Task directions: Exact copy, no pictures: return all the data below as written.

Input records:
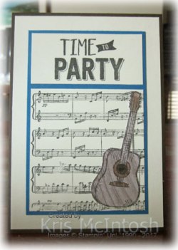 My eldest grandson, Ethan, turns 11 today. When I look at how quickly my grandchildren are growing up, it makes me wonder where all that time has gone. He is a lovely boy and a very talented guitar player, so I had to make something with a music theme. The sketch at Freshly Made provided the inspiration for this card. I stamped the Sheet Music Background onto Whisper White card using Memento Tuxedo Black ink and attached it to Pacific Point card. I stamped the greeting from the Confetti Celebrations stamp set onto Whisper White card using Memento Tuxedo Black ink and attached it to the Pacific Point card.
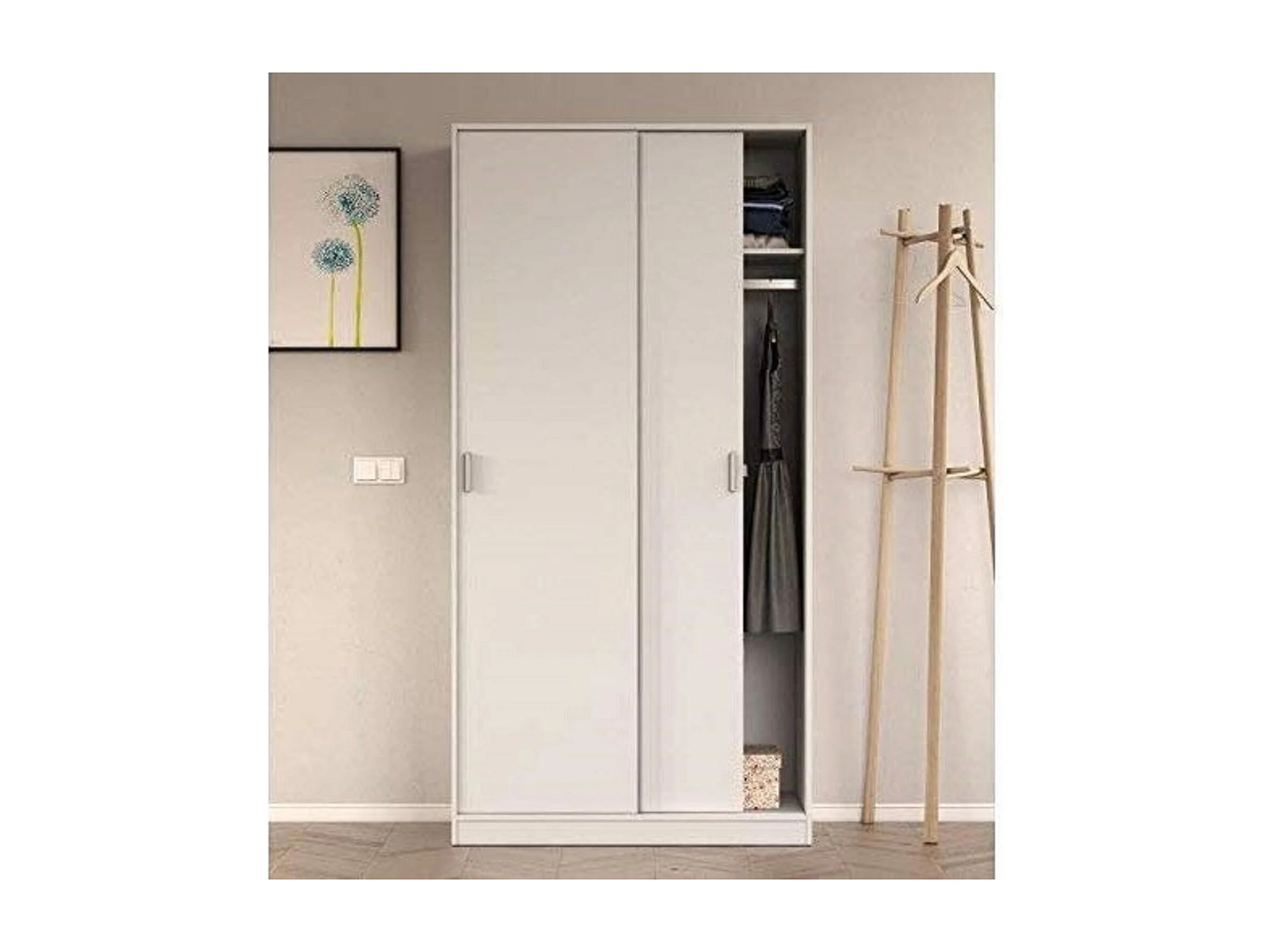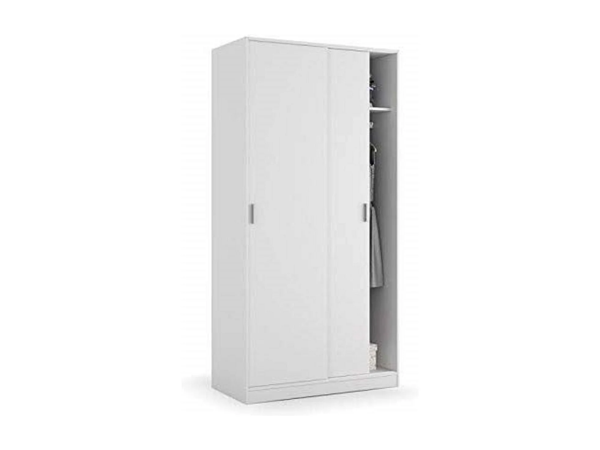 Armadio Guardaroba Vestiti 2 Ante Scorrevoli Ripiano Appendiabiti Salvaspazio Maniglie In Metallo Camera Da Letto Stanza Arredo 100x200x50 Cm Bianco
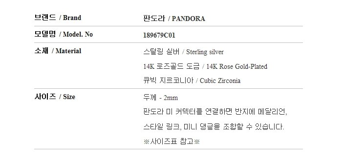 1. 소재 / 순도 / 밴드재질 | 로즈골드 / 쥬얼리 - 스털링실버 |
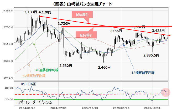 図表は、山崎製パン(2212)の2023年12月頃からの週足のローソク足に加え、13週・26週・52週移動平均線を挿入したチャートです。
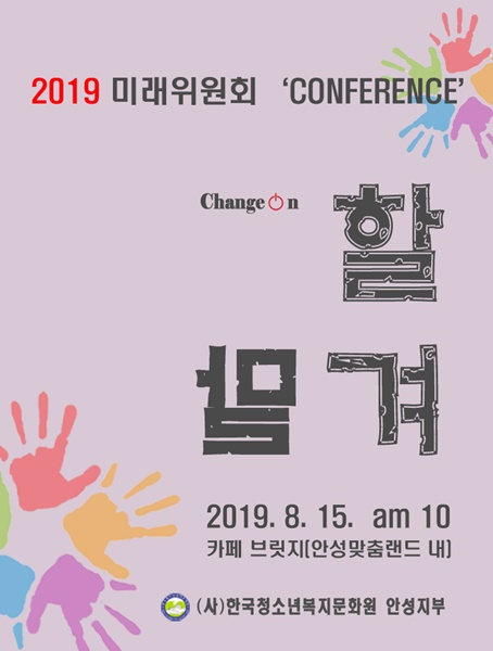 (»ç)Çѱ¹Ã»¼Ò³âº¹Áö¹®È¿ø ¾È¼ºÁöºÎ(ÁöºÎÀå ±è¿µ½Ä)´Â ¿À´Â 15ÀÏ ¿ÀÀü 10½Ã ¾È¼º¸ÂÃã·£µå Ò® Ä«Æä ºê¸´Áö¿¡¼ 2019 ¹Ì·¡À§¿øÈ¸ ÄÁÆÛ·±½º¡°Change on¡±À» °³ÃÖÇÑ´Ù.
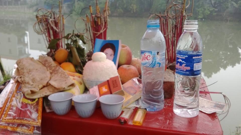 | Nơi phát hiện thi thể ngay gần chỗ lập ban thờ nạn nhân. |
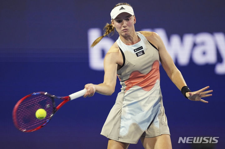 [마이애미=AP/뉴시스] 엘레나 리바키나(7위·카자흐스탄)가 30일(현지시간) 미 플로리다주 마이애미 가든스에서 열린 여자프로테니스(WTA) 투어 마이애미오픈 단식 준결승 제시카 페굴라(3위·미국)와 경기하고 있다. 올해 BNP 파리바오픈 우승자인 리바키나가 페굴라를 2-0(7-3 6-4)으로 꺾고 연승 행진을 이어가며 결승에 올랐다. 2023.03.31.
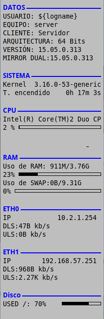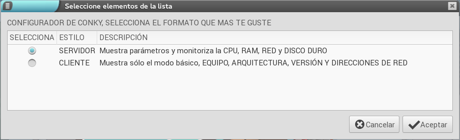 Para mostrarlo en el escritorio pulsamos el botón Sí. A continuación se muestra un diálogo donde seleccionamos el formato del applet de Conky: la version de servidor (con múltiples datos sobre el sistema) o la versión de cliente (con menos datos pero con los más relevantes).

Written solution:
 My eldest grandson, Ethan, turns 11 today. When I look at how quickly my grandchildren are growing up, it makes me wonder where all that time has gone. He is a lovely boy and a very talented guitar player, so I had to make something with a music theme. The sketch at Freshly Made provided the inspiration for this card. I stamped the Sheet Music Background onto Whisper White card using Memento Tuxedo Black ink and attached it to Pacific Point card. I stamped the greeting from the Confetti Celebrations stamp set onto Whisper White card using Memento Tuxedo Black ink and attached it to the Pacific Point card.
 Armadio Guardaroba Vestiti 2 Ante Scorrevoli Ripiano Appendiabiti Salvaspazio Maniglie In Metallo Camera Da Letto Stanza Arredo 100x200x50 Cm Bianco
 1. 소재 / 순도 / 밴드재질 | 로즈골드 / 쥬얼리 - 스털링실버 |
 図表は、山崎製パン(2212)の2023年12月頃からの週足のローソク足に加え、13週・26週・52週移動平均線を挿入したチャートです。
 (»ç)Çѱ¹Ã»¼Ò³âº¹Áö¹®È¿ø ¾È¼ºÁöºÎ(ÁöºÎÀå ±è¿µ½Ä)´Â ¿À´Â 15ÀÏ ¿ÀÀü 10½Ã ¾È¼º¸ÂÃã·£µå Ò® Ä«Æä ºê¸´Áö¿¡¼ 2019 ¹Ì·¡À§¿øÈ¸ ÄÁÆÛ·±½º¡°Change on¡±À» °³ÃÖÇÑ´Ù.
 | Nơi phát hiện thi thể ngay gần chỗ lập ban thờ nạn nhân. |
 [마이애미=AP/뉴시스] 엘레나 리바키나(7위·카자흐스탄)가 30일(현지시간) 미 플로리다주 마이애미 가든스에서 열린 여자프로테니스(WTA) 투어 마이애미오픈 단식 준결승 제시카 페굴라(3위·미국)와 경기하고 있다. 올해 BNP 파리바오픈 우승자인 리바키나가 페굴라를 2-0(7-3 6-4)으로 꺾고 연승 행진을 이어가며 결승에 올랐다. 2023.03.31.
 Para mostrarlo en el escritorio pulsamos el botón Sí. A continuación se muestra un diálogo donde seleccionamos el formato del applet de Conky: la version de servidor (con múltiples datos sobre el sistema) o la versión de cliente (con menos datos pero con los más relevantes).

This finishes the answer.